We are long overdue for a complete heart change. In Revelation 3:17-19, Jesus addressed the Laodicean church. "You say, 'I am rich, I have prospered and grown wealthy and I am in need of nothing;' and do not realize you are wretched, pitiable, poor, blind, and naked. Therefore I counsel you to purchase from Me gold refined and tested by fire that you may be truly wealthy, and white clothes to clothe you and to keep the shame of your nudity from being seen, and salve to put on your eyes that you may see. Those whom I [dearly and tenderly] love I tell their faults and convict and convince and reprove and chasten [that is] I discipline and instruct them. So be enthusiastic and in earnest and burning with zeal, and repent - changing your mind and attitude." (Amplified).
Jesus not only tells this rich, spiritually complacent church we resemble to repent, but then tells them how. First, purchase from Him gold refined in the fire.
Refining metals is an exacting business. It must be done just so. Once I had a neighbor who worked in a foundry where iron was refined and cast. I asked him what his job was like and he began to tell me about the process used to cast a manhole cover.
First, they melt down old steam radiators and other recycled iron. While the metal was molted in the cruse, they scraped the impurities off the top. Once is not enough, he assured me. They let the molten iron cool, then reheat it to a molten state and skim off the dross seven times before the iron is pure enough to be a lid on a lowly sewer!
When we come to Christ, we are like an old, crusty, painted up radiator, broken and discarded in the junk heap. Jesus is the salvage man who says, "Don't bury this in the land fill; I can make something useful out of this." We must loose our old form and value to be made useful to the master. It is not a pleasant process. He is after the wheat to gather into his barn, but will burn up the chaff (the hull around each kernel of wheat) with unquenchable fire.
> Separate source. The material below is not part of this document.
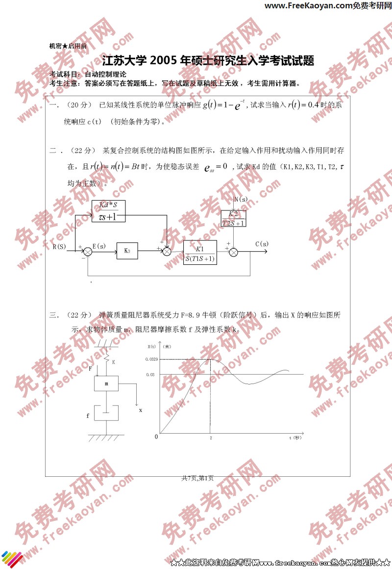 专业课考研经验 本站小编 FreeKaoyan 2018-01-22江苏大学2005年考研真题-信号与系统

We have been so ingrained with our cultural perceptions of comfort that as soon as the heat is turned up to purify us into His precious gold, we start screaming and pointing our finger at those who we are "getting burned up" at. I write from experience. Often we will blame the devil for what God in his love and mercy is doing.
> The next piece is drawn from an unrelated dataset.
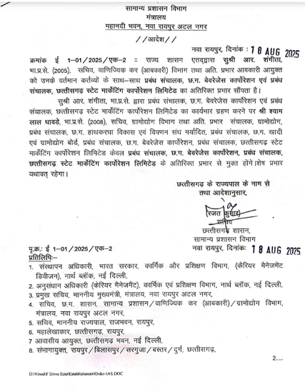 रायपुर। राज्य शासन ने आईएएस अधिकारी आर. संगीता (2005 बैच) को बड़ी जिम्मेदारी सौंपी है। वह वर्तमान में सचिव, वाणिज्यिक कर (आबकारी) विभाग और आबकारी आयुक्त (अति प्रभार) के पद पर कार्यरत हैं। अब उन्हें प्रबंध संचालक, छत्तीसगढ़ बेवरेजेस कॉर्पोरेशन और प्रबंध संचालक, छत्तीसगढ़ स्टेट मार्केटिंग कॉर्पोरेशन लिमिटेड का भी अतिरिक्त प्रभार दिया गया है।

We glibly say, "I want to see Jesus," but didn't God appear to Moses out of the fire in Exodus 3? We want to serve Him before His altar, but dare we ignore the words of Malachi 3:2-4? God sits as a refiner of silver and gold and he will purify the sons of Levi and purge them that they may offer unto Him an "offering of righteousness."
I Peter 1:3-9 tells us we have been given an inheritance by Christ which can never perish, kept in heaven for us. This gives us reason to rejoice, "though now for a little while you may have to suffer grief in all kinds of trails. These have come so that your faith - of greater worth than gold, which perishes even though refined by fire - may be proved genuine....when Jesus Christ is revealed."
Jesus will try our souls with fire to see what manner of building we have erected on His foundation. If it is built with "gold tried in the fire" we will not suffer any loss. But if we have found our life by building selfishly with wood, hay, and stubble, we will suffer great loss (See 1 Cor 3:11-15). Submit to His great and might hand and ask Him to purify you in the fire of trials that you may be rich in Christ both now and forever.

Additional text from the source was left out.